D’un naturel plutôt calme en temps normal, les vaches se transforment en véritables brutes lorsqu’arrive la nourriture. Les vaches les plus faibles sont alors chassées à coup de cornes. Nombreuses sont les vaches qui possèdent des marques de cicatrices et j’ai vu plusieurs fois une vache saigner suite à un coup violent. J’ai également observé ce genre de comportement chez les chèvres et lapins mais en moins violent. Honey Bunny est la vache la plus faible de l’ensemble du groupe. Étant constamment brutalisée par les autres vaches et se trouvant donc dans l’incapacité de manger, elle fut séparée du groupe pour être “hébergée” dans un petit espace à elle seule. D’un naturel tranquille, Honey Bunny est la seule vache à avoir reçu un prénom qui fait d’ailleurs référence à sa robe d’une jolie couleur miel.

Quatre veaux mâles furent vendus pendant mon woofing, très certainement pour finir dans nos assiettes. Les faire quitter leur enclos fut une petite bagarre à chaque fois. Mais un veau seul est impuissant face à deux hommes décidés.

Le travail à Kiyuna Farm commence à 6h du matin pour rassembler les vaches qui ont passé la nuit dans le pré en extérieur. Pendant qu’elles se font traire, nous nous occupons de nettoyer l’étable et d’évacuer le fumier des stalles. Vers 7h30 nous les nourrissons au foin, puis une demie-heure plus tard à l’esa (terme japonais désignant un complément alimentaire). Petit-déjeuner à 8h. Jusqu’à midi, les vaches sont nourries toutes les demies-heures en alternant foin et esa. Chèvres, lapins, coqs et poules et cochons sont également nourris et les cages nettoyées. Repas à midi puis temps libre jusqu’à 3h. Le travail reprend ensuite  jusqu’à 5h – 6h  pour de nouveau nettoyer les étables, évacuer les déjections et nourrir tous les animaux.

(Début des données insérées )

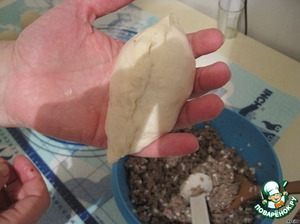 Теперь берем шарик, переворачиваем швом к верху и начинаем его разминать без усилий по кругу, не прилагая усилий.

L’esa est un complément alimentaire pour nourrir les vaches fait d’un mélange de céréales, de tofu, d’une autre substance d’une odeur atroce dont je n’ai pas retenu le nom, de riz et de vitamines. Les vaches mangent en général deux grandes brouettes d’esa par jour. Nous devions donc préparer et mélanger la mixture à la main deux à trois fois dans la journée.

Le travail à la ferme n’est pas une partie de plaisir. Nettoyer les étables, préparer le foin, mélanger l’esa, nettoyer les veaux, etc sont des tâches longues, difficiles et douloureuses pour le corps surtout dans les premiers jours. Qu’il fasse un soleil magnifique ou que ce soit la tempête, le travail doit être fait. Le manque de diversité rend également le travail un peu monotone. La fatigue est d’autant plus importante que les temps libres sont peu nombreux et de courtes durées. J’avoue que la grosse charge de travail m’a un peu surprise à mon arrivée et que le travail ne m’a pas particulièrement enchanté. Par contre j’ai apprécié travailler toute la journée en plein air avec des animaux et voir le lever de soleil tous les matins.

Kiyuna Farm ne fonctionne principalement qu’avec des woofers. Les seuls autres employés permanents sont un homme et une femme venant traire les vaches le matin et le soir à tour de rôle avec Asahide. Les murs de la ferme sont d’ailleurs couverts de dessins de woofers venant des quatre coins du monde. Durant mon séjour, j’ai travaillé avec deux japonaises, un anglais, une allemande et lorsque je suis partie, une autrichienne arrivait. Sonja que l’on voit sur la photo est une jeune allemande de 23 ans venue au Japon pour un mois et demi. Un mois de woofing suivi de deux semaines de découverte du pays avec un de ses amis venant la rejoindre. Jeune fille calme et très sympathique, on a beaucoup discuté de nos interrogations similaires sur notre futur, notre boulot et nos envies de voyage.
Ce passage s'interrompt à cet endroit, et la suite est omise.